Legislation Of Nonprofit Corporates
The situation with regard to nonprofit incorporation of companies is currently under scrutiny with the likelihood of the introduction of legislation in this area before the end of this year.
At present it is unclear what exactly will be contained in such legislation but it is widely thought that one of the changes will mean that registration will determine residence (presumably in addition to the existing management and control test set out above). It is also thought that under the proposals, every company registered in Ireland will have to have at least one director who is normally habitually resident in the European Union.
The following are the methods by which such a company can be acquired:
* Ordinary company formations take between three and four weeks at present.
* This firm is a member of a scheme which has been agreed with the Companies Registration Office for urgent formations. A standard printed set of Memorandum and Articles of Association has been agreed and does not require to be checked by the Companies Registration Office. This procedure can be used only when the company is required for immediate trading purposes and a declaration to this effect must be submitted by one of the proposed first directors. Adopting this procedure, incorporation should take approximately ten days.

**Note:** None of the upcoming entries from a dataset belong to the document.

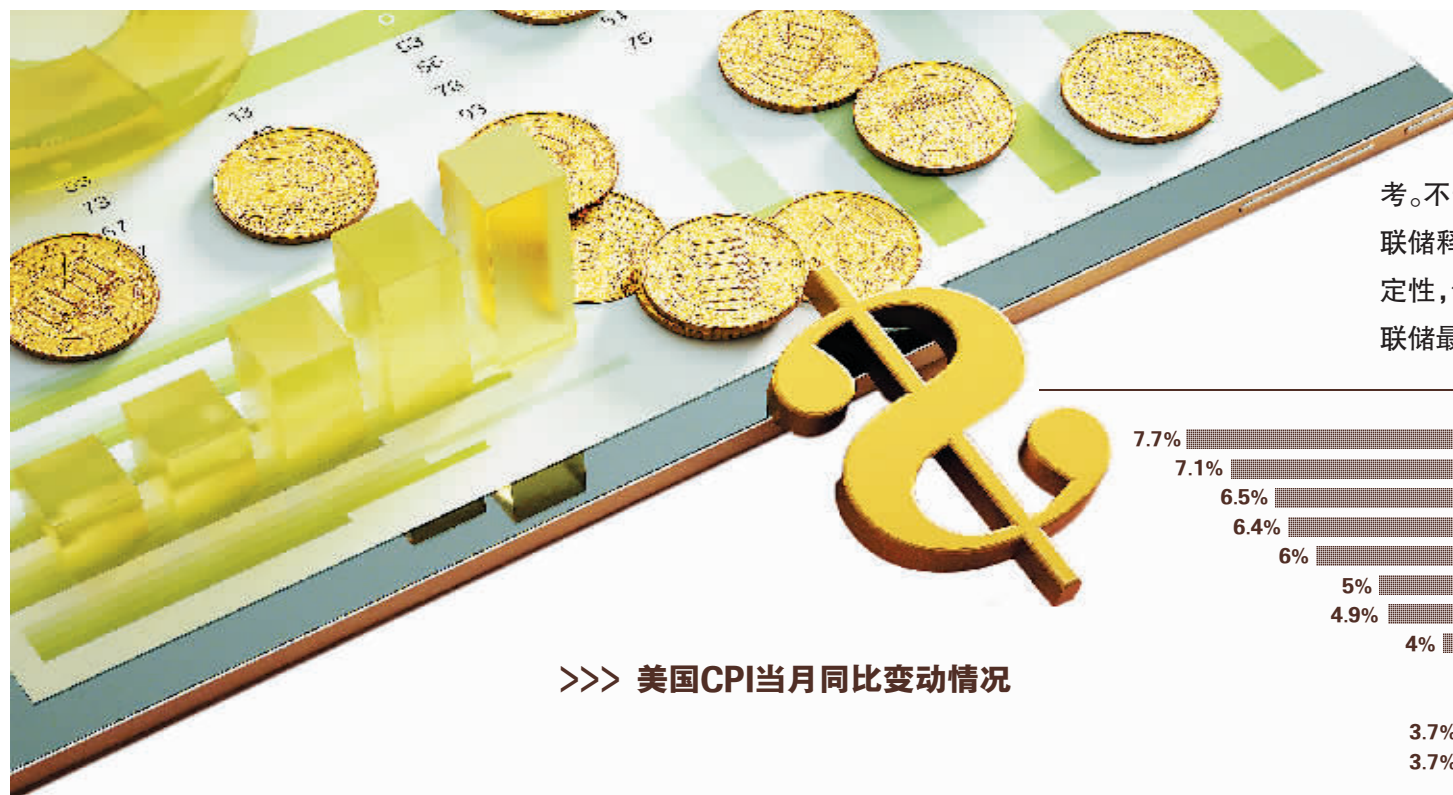
>>> 美国CPI当月同比变动情况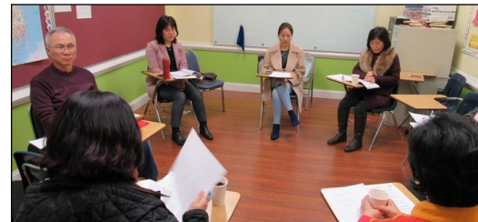
〈성서 그룹공부 봉사자 모임〉 ↑ 2월 10일(일) 오후 12시 30분부터 115호에서 월례모임이 있었습니다.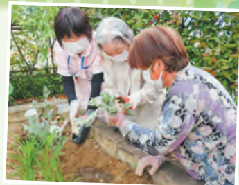
利用者さんと園芸している様子

協立リハビリテーション病院デイケア室は、介護福祉士14名、介護職（半日）2名、リハビリ技士8名（兼務）、看護師2名で看護、介護、リハビリを提供しております。障害を持つ方や、高齢者の方々の日常生活動作の維持・向上を図りながら『昨日より元気に!』をデイケア目標に掲げ「自立支援」「楽しみづくり」や「生き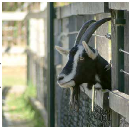
Bündner Strahlenziege.

worden, da die Schafe das krankheitsverursachende Herpesvirus in sich trugen. Die Ziegen im Park wurden damals ebenfalls auf das Schafherpesvirus untersucht und seit Langem wurde erfolglos ein Bock ohne dieses Virus für die Belegung der Bündner Strahlenziegen gesucht. Bei den Zwergziegen leistet der vom Zoo Basel stammende Zwergziegenbock Stöpsel seit seiner Eingliederung wunderbare Dienste. Stetig sorgt er zweimal jährlich bei den vier Zwergziegendamen für Nachwuchs. Im Frühjahr musste bei einer Zwergziege ein Kaiserschnitt vorgenommen werden, weil sie die Niederkunft nicht selber schaffte. Da bis Anfang 2019 kein geeigneter Strah-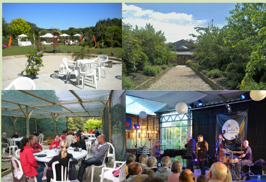
Jardins de Rospico, Névez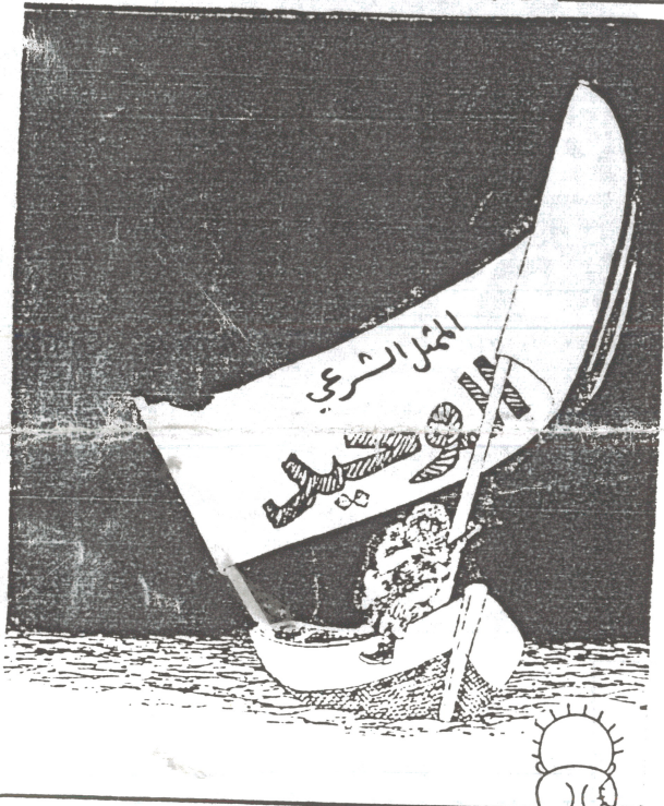
L'Unique représentant légitime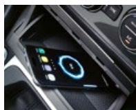
Chargeur sans fil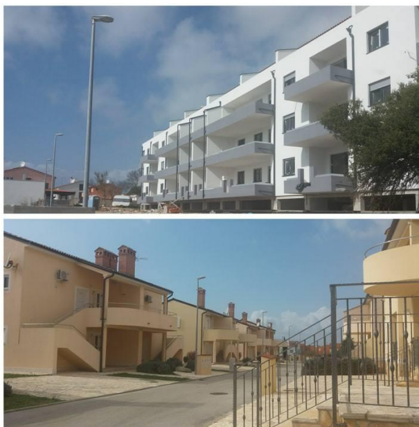
Slika 8. Naselje Pošesi danas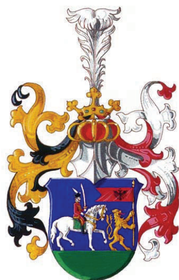
Грб породице Поповић–Текелија од Кевермеша и Визеша. Arms of nobles Popovic-Tekelija de Kevermes & Vizes.

Петар Поповић–Текелија, напустивши родитељски дом, потражио је срећу у Русији. Његова каријера у служби цара била је спектакуларна; сматра се да све до 20. века ни један официр Србин није начинио такву војну каријеру као он! У Седмогодишњем рату стекао је велико искуство борећи се у саставу јединица које је Катарина Велика послала у помоћ Марији Терезији. Осим искуства и чина стекао је и гадну рану на

* Shelf Companies already formed by Company Formation Agents can be bought immediately on demand. The Agents generally have a variety of companies available from limited to unlimited, public and private etc. The objects contained in the Memorandum of Association of the company are generally in standard form and these companies will have an issued share capital of IrPd2.00. Once purchased, the objects can be tailored to suit the business to be carried out by the company, the share capital can be increased and the existing directors and secretary will be replaced by those taking over the company. General requirements
1. Under Irish company law, a company must have at least one shareholder, although it is more common to have two each owning at least one share each. Shares are issued by the company in registered form (details of the identity of the shareholder or his nominee must be registered with the company) and it is not possible for shares to be held in bearer form. 2. A company has a stated authorized share capital which is the aggregate par value of the shares that the Memorandum and Articles permits the company to issue. There is no limit to the authorized share capital a company may have and the share capital can be stated in any combination of currencies as well as Irish Pounds. The authorized share capital may be increased or reduced by a special resolution of the members of the company. 3. A company can issue shares up to the maximum authorized share capital level. The company must also have at least two Directors who must be individuals for the time being and a Secretary (who can, if required, be one of the Directors, or can itself be a corporation).